How about a JSON module? That way you have also a better exchangeable data. I usually prefer dkjson, which also supports utf-8, where cmjjson won't.
Under the kong works this
local cjson = require "cjson"
kong.log.debug(cjson.encode(some_table))
Out of the kong should be installed package lua-cjson https://github.com/openresty/lua-cjson/
Here is a simple program which assumes your table contains numbers only. It outputs Lua code that can be loaded back with loadstring()(). Adapt it to output to a string instead of printing it out. Hint: redefine print to collect the output into a table and then at the end turn the output table into a string with table.concat.
t = {
{11,12,13},
{21,22,23},
}
print"return {"
for i=1,#t do
print"{"
for j=1,#t[i] do
print(t[i][j],",")
end
print"},"
end
print"}"
Assuming that:
You don't have loops (table a referencing table b and b referencing a)
Your tables are pure arrays (all keys are consecutive positive integers, starting on 1)

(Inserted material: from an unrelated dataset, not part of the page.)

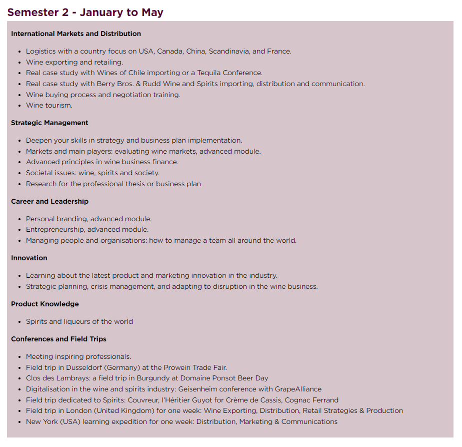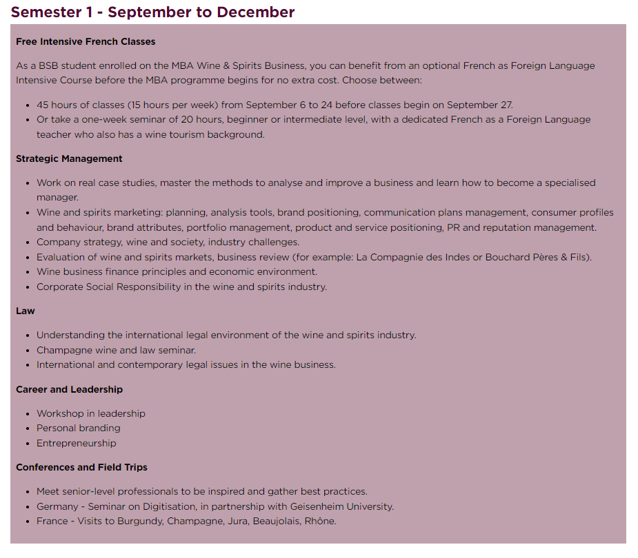 葡萄酒与烈酒行业的沉浸式体验。包括多样化的游学项目(时长最长可达5周)以及法国著名葡萄酒产区实地考察(勃艮第、罗纳河谷以及香槟产区);葡萄酒与烈酒行业的领军者会为MBA项目学生定期举办讲座,行业沙龙:在德国举办的葡萄酒及烈酒博览会(Prowein)。

Your values are integers only (no strings, etc)
Then a recursive solution is easy to implement:
function serialize(t)
local serializedValues = {}
local value, serializedValue
for i=1,#t do
value = t[i]
serializedValue = type(value)=='table' and serialize(value) or value
table.insert(serializedValues, serializedValue)
end
return string.format("{ %s }", table.concat(serializedValues, ', ') )
end
Prepend the string resulting from this function with a return, store it on a .lua file:
-- myfile.lua
return { { 1, 2, 3 }, { 4, 5, 6 } }
You can just use dofile to get the table back.
t = dofile 'myfile.lua'
Notes:
If you have loops, then you will have
to handle them explicitly - usually with an extra table to "keep track" of repetitions
If you don't have pure arrays, then
you will have to parse t differently,
as well as handle the way the keys are rendered (are they strings? are they other tables? etc).
If you have more than just integers
and subtables, then calculating
serializedValue will be more
complex.
Regards!
I have shorter code to convert table to string but not reverse
function compileTable(table)
local index = 1
local holder = "{"
while true do
if type(table[index]) == "function" then
index = index + 1
elseif type(table[index]) == "table" then
holder = holder..compileTable(table[index])

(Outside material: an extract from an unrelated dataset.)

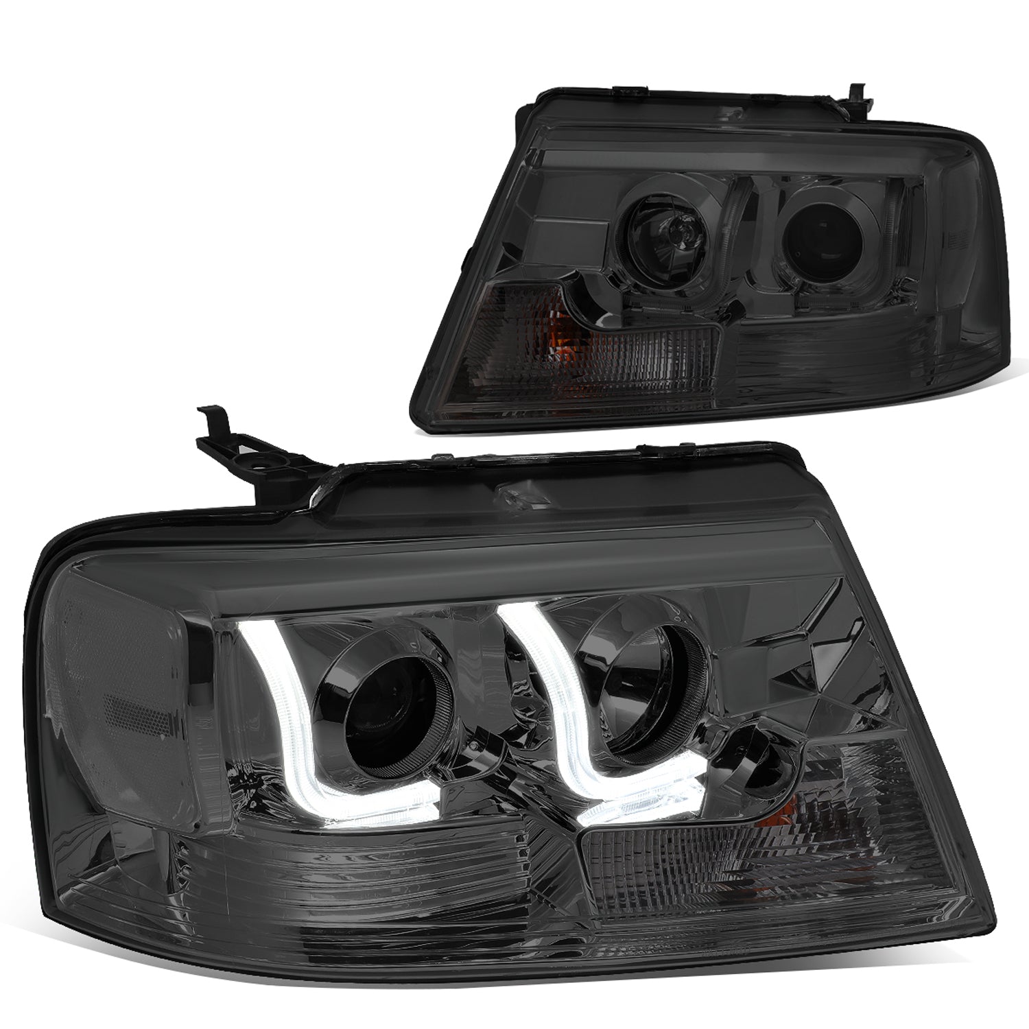 FAROS 04-08 FORD F-150 2/4-DOOR - 3D - LED - J-BAR HALO PROJECTOR - SMOKE HOUSING / CORNER CORNER - 9007 LOW BEAM / HIGH BEAM

elseif type(table[index]) == "number" then
holder = holder..tostring(table[index])
elseif type(table[index]) == "string" then
holder = holder.."\""..table[index].."\""
elseif table[index] == nil then
holder = holder.."nil"
elseif type(table[index]) == "boolean" then
holder = holder..(table[index] and "true" or "false")
end
if index + 1 > #table then
break
end
holder = holder..","
index = index + 1
end
return holder.."}"
end
if you want change the name just search all compileTable change it to you preferred name because this function will call it self if it detect nested table but escape sequence I don't know if it work
if you use this to create a lua executable file that output the table it will ge compilation error if you put new line and " sequence
this method is more memory efficient
Note:
Function not supported
User data I don't know
My solution:
local nl = string.char(10) -- newline
function serialize_list (tabl, indent)
indent = indent and (indent.." ") or ""
local str = ''
str = str .. indent.."{"
for key, value in pairs (tabl) do
local pr = (type(key)=="string") and ('["'..key..'"]=') or ""
if type (value) == "table" then
str = str..nl..pr..serialize_list (value, indent)..','
elseif type (value) == "string" then
str = str..nl..indent..pr..'"'..tostring(value)..'",'
else
str = str..nl..indent..pr..tostring(value)..','
end
end
str = str:sub(1, #str-1) -- remove last symbol
str = str..nl..indent.."}"
return str
end
local str = serialize_list(tables)
print('return '..nl..str)